Price's Symphony No. 3 is a charming and characteristic work in a generally Americana style often reminiscent of Henry Cowell's, but with hints, suggestions, and leanings of African American folk music all over it, in melodic shape, rhythms, and harmonies. It was brightly and firmly played here; the only flaw was that the amplified celesta was far too loud.

It was followed by Duke Ellington's Harlem, which is essentially "jazz for symphony orchestra." This kind of undercut Price, since Ellington is doing openly what Price prefers only to suggest, and didn't strike my own appreciation as much, though I enjoyed the cadenza for five percussionists.

Soprano Shawnette Sulker, whom I've heard before locally in Beethoven's Ninth, Mahler's Eighth, and Carmina Burana, performed in Songs of Separation, a song cycle by William Grant Still setting poems of lost love by Black poets. Still was the leading Black male composer of the same Americana generation as Price. Sulker sang well, but I didn't find the work as distinctive as his symphonies.

There were also works by two earlier, non-American composers who, though they were Black, wrote in typical styles of white composers of their time and place. One, the only composer on the program I had been unfamiliar with, was Antonio Carlos Gomes, a Brazilian who, despite his nationality, wrote Italian opera. Sulker sang a long aria from his opera Il Guarany, which at least has a Brazilian plot. It's fairly plain and songlike in its style; the light orchestration might have fit bel canto more than the Verdi it's contemporary with.

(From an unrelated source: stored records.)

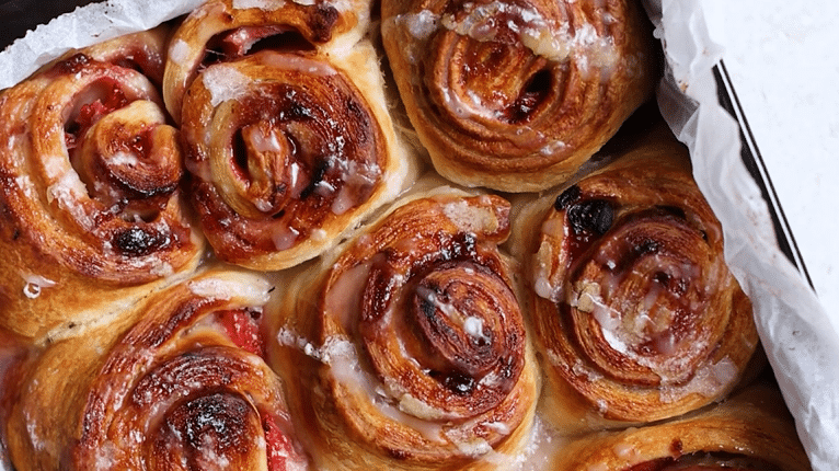 Naast deze strawberry buns benieuwd welke ontbijtjes nog meer lekker zijn voor in ‘t weekend? Wat dacht je van 5x ontbijten met gezonde wafels? Maar ook deze pannenkoeken traybake is een favorietje.  Blijf je liever lekker ontbijten met croissants? Dan kun je gaan voor een croissantrol met ei, wentelteefjes van croissants of gevulde croissants met amandelspijs en jam. Genieten!!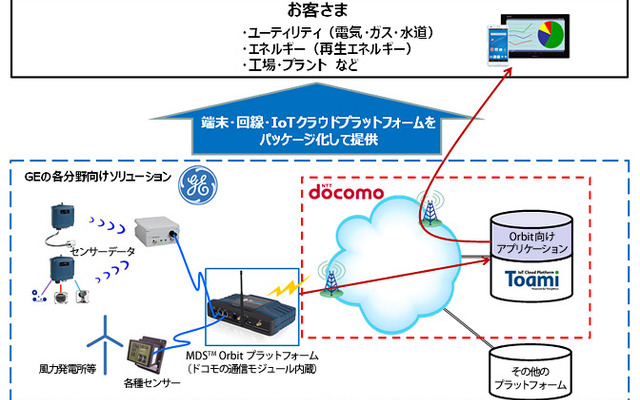 今回の提携で、インフラ設備を持つ民間企業や自治体などは、遠隔地の道路や橋梁、プラントや電気・ガス・水道等の設備にドコモの通信モジュールを内蔵したGEのMDS-オービットを設置することで、インフラ設備の温度や振動などの稼働データをリアルタイムに監視できる。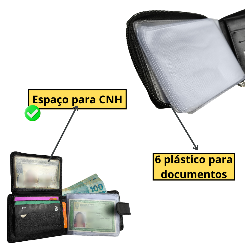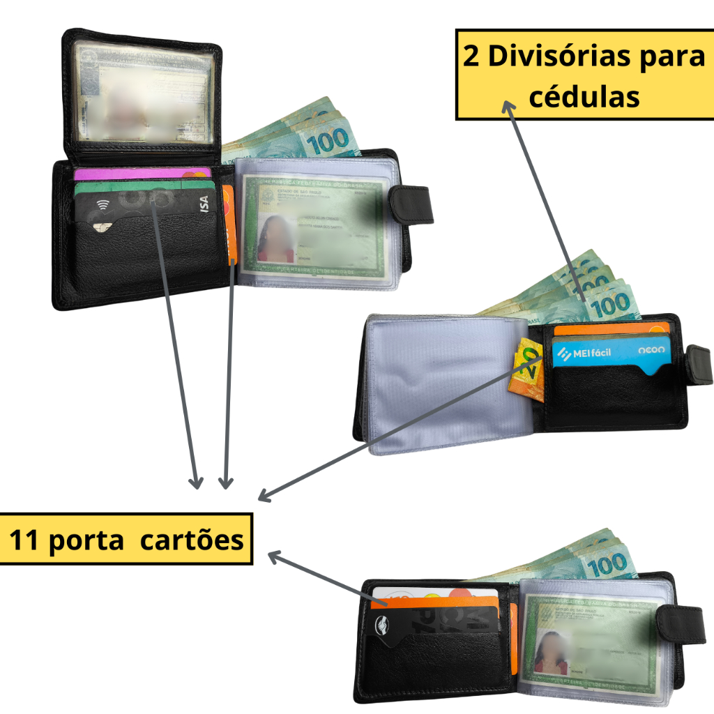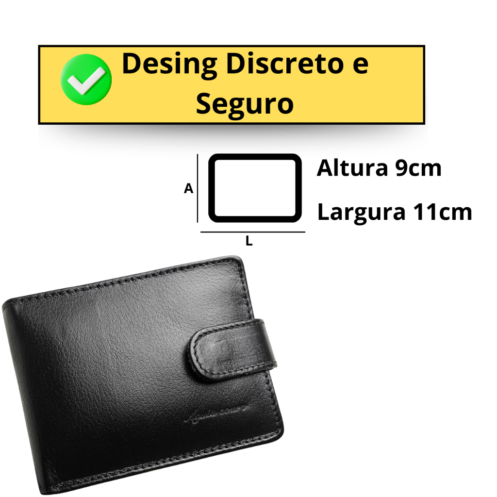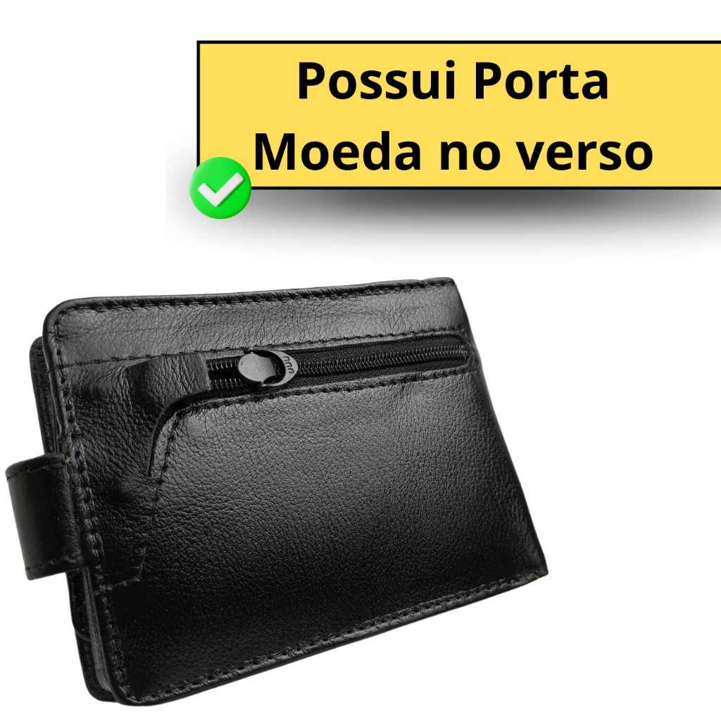 Carteira masculina couro legítimo super completa com fecho de botão couro macio Para Homens Exigentes

And a Symphony in G by the classic-era Frenchman, Joseph Bologne, Chevalier de Saint-Georges. His mother was a slave from a West Indies French colony, but he inherited his white father's title and social position. He was an important musician in his time, for one thing being the guy who commissioned and performed Haydn's set known as the Paris Symphonies. His own symphony is more Mozartean than Haydnesque, but with an individual flavor that's not matched by all of the symphonists of that era who get played on the classical radio more often than he.

Was able to get to Oakland in time despite a delay in leaving home caused by wrestling on the phone to get our cable tv service fixed, with - for a wonder - a cooperative and helpful technician. Even got there (by BART) in time to have dinner at the Chinese restaurant a block away that has kung pao fish, a dish almost as rarely offered as music by Black composers.

Thursday, January 24, 2019

concert review: San Francisco Symphony

I went to this concert, which was not on my subscription series, mostly to hear Christian Reif conduct Prokofiev's Fifth Symphony. Was that ever a good one. Reif and the orchestra summoned up amazing reserves of power for the coda of the first movement in particular. Yet the symphony didn't sound like a machine running of itself, as is often the case with fully energetic performances of this work. It lived, it breathed, it expressed emotions. A great performance of one of its century's great symphonies.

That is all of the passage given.